Apparently, the French are destined to feel gloomy about work well before they're old enough to know what the 35-hour week means. 
 
According to the academics, a significant portion of the blame lies with the French education system. 
 
The professors say that the way children are taught in schools in France gears them up for future gloominess in their professional lives.  
 
Pupils are scared of being punished and of getting bad grades, and fear the 'all powerful' teacher. This all leads to a damaging lack of self-confidence they say.
 
And this system is introduced at a crucial time when children start learning how to live in a community and start discovering knowledge and start on the path of self-discovery.
 
“The French system is far more theoretical and geared towards the academically minded which can leave some students feeling out of place,” the academics explain. 
 
Photo: AFP
 
“School children from other education systems are always surprised, even shocked.
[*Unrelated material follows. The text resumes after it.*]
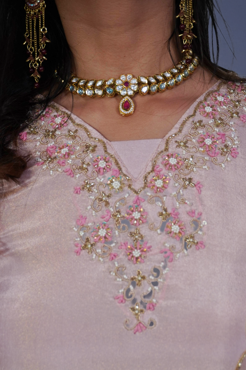 Embrace ethereal elegance with our Rose Petal Blush ensemble. This set is the epitome of "minimalist luxury," designed for the woman who appreciates delicate details and a soft, sophisticated palette. Perfect for daytime weddings, engagement ceremonies, or festive high teas, this outfit radiates a gentle, luminous charm.

Handing out copies of the grades is seen as a particularly painful humiliation by those who don't perform as well.”
 
In fact, the 2014 OECD Pisa ranking showed that 75 percent of French students shake before getting their grades. 
 
And naturally the students who don't do as well are left with a lack of self-confidence which follows them throughout their lives.
 
French academic Claudia Senik from the Paris School of Economics backs up their theory. 
 
“I think the role of the primary school system in France is partly to blame. If unhappiness is partly due to someone's mentality, then people are forming that negative mentality at an early age in primary schools,” she told The Local previously. 
 
“One theory is that the grading system in French schools is responsible. In France, students are generally graded on a scale of 0 to 10 or 0 to 20 and it's very difficult to get high grades. This means the majority of pupils are used to getting bad grades. When they think about their self-worth or their value, they think about these grades, which are usually low or intermediate.
 
“It's something that we can solve by targeting schools and workplaces,” Poissonnier told The Local. 
 
“At the moment, if a student makes a mistake it's considered a catastrophe. We need to start valuing these mistakes.
 
“And in the workplace colleagues should be encouraged to work together rather than pitted against each other. In northern Europe you see more collaboration and it's better for people. There also needs to be less of a hierarchy in offices,” he added.  
 
Why is it worse in France?
 
Countries like Canada and Scandinavian nations prefer to nurture a climate of optimism and confidence in their schools, explain the two professors. 
 
They do this by “offering choices and opting for an active approach to education that links all the sides of being human.” 
 
The benefit of a more positive learning environment is particularly clear in the example of foreign languages like English, which the French are commonly understood to be the worst in Europe. 
 
“A young French person recently awarded their baccalauréat (the exam 18-year-olds take at the end of their secondary school education) finding themselves with people the same age from other European countries will be staggered by two things: the capacity of their peers to express themselves orally and their own lack of confidence,” the academics explain. 
 
Photo: AFP
 
“It's common in France to stop learning at the first grammatical error or wrong tense. 
 
“We favour the law of perfection,” they explained. “The living language transforms into a written language, nearly dead.”
 
Senik has also spoken of how the French would be happier if they spoke better English and other languages as it would open up the outside world to them.
 
“To be happier the French could do with learning more foreign languages. Of course, Anglophone countries are worse at learning, but that doesn't matter because everyone speaks English. Being happy is not about speaking the foreign language itself, but about being able to fit more easily into this globalized world, which you can do if you speak English,” she said. 
 
Overall Poissonnnier believes that solving the problem of pessimism in France would have an important impact on the country.  
 
“It could result in an improvement in France's economy as well as the quality of life of individuals,” he told The Local. 

WORK

Drug and harassment allegations plunge Bejart Ballet into turmoil

Switzerland's prestigious Bejart Ballet Lausanne company faces a probe as allegations of drug use, harassment and abuse of power raise the question why nothing apparently changed after an earlier investigation raised similar issues.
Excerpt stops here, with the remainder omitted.